Кристина покраснела при этом воспоминании.
– Ну, хорошо, – ответила она, – если после я должна буду отказаться от жертвы, которую вы требуете от меня, то по крайней мере должна уступить вам в этом. Я пойду в комнату Ларош-Боассо, постараюсь скрыть свое отвращение, свое презрение, свои угрызения в его присутствии, буду говорить неправду, если это необходимо, чтобы уничтожить последствия моих поступков.
Приор встал.
– Мужайтесь, дитя мое, – сказал он, – я жду самого лучшего результата от этого поступка. Вы найдете меня в комнате раненого, и я постараюсь, чтобы ваше посещение имело как можно больше свидетелей. Решительно, Кристина, – прибавил он, улыбаясь, – ваш мятежный дух начинает укрощаться… Несколько раз во время этого разговора вы смогли преодолеть резкие порывы вашей души; это признак благоприятный, и я надеюсь, что вы наконец согласитесь исполнить желание ваших друзей.
– Не надейтесь на это…
– Хорошо, хорошо, оставьте мне мою мечту, не портите радости, которую внушает мне ваше сегодняшнее поведение. До свидания, дочь моя, да просветит вас Господь!
Он вышел. Кристина осталась одна, погруженная в свои размышления.

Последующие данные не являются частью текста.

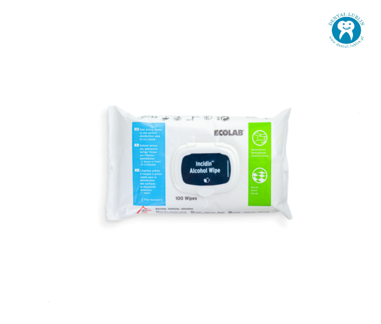 ECOLABGotowe do użycia chusteczki do dezynfekcji wyrobów medycznych odpornych na działanie alkoholu.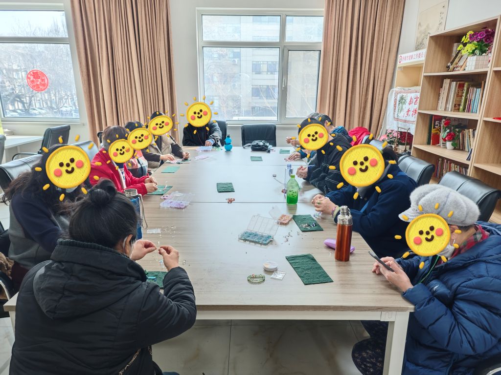 活动前期,社工化身暖心引路人,深入残疾人朋友生活,凭借专业素养,敏锐发掘出不少残疾人手部灵活、有手工创作潜能。为了将这份天赋转化为点亮生活的希望之光,社工们迅速行动,与残疾人围坐制作串珠手链。从选珠子颜色、搭配,到串珠技巧,社工耐心讲解、反复示范,充分发挥引导作用。残疾人紧跟步伐,专注串珠,每颗珠子碰撞声,似在叩响美好生活大门。

– Он, кажется, остался доволен этим разговором, – прошептала она, – но с этим человеком никогда нельзя быть уверенной, что ты не попалась в какую-нибудь хитроумную ловушку. Этот приор очень искусен в интригах, а я… Боже мой, как мне избавиться от его хитростей?
Тем временем приор Бонавантюр говорил себе, возвращаясь в свою комнату:
– Чудесно! Так или эдак, она должна решиться, и я уверен в успехе… Разве только случится одно из тех происшествий, которые иногда расстраивают самые мудрые человеческие планы!
XIV
Барон де Ларош-Боассо занимал в замке Меркоар большую комнату, обитую обоями, представлявшими человеческие фигуры, и освещенную двумя большими окнами. Он лежал на кровати с балдахином, из полуоткрытых занавесей которой виднелось его бледное и расстроенное лицо. Друг его Легри постоянно оставался с ним. Каждый час хирург, которого пригласили в замок, щупал пульс больного или прислушивался к его тяжелому дыханию; предписания его исполнялись сестрой Маглоар, которая, доверяя своей собственной опытности в медицине, изменяла эти предписания на свой лад.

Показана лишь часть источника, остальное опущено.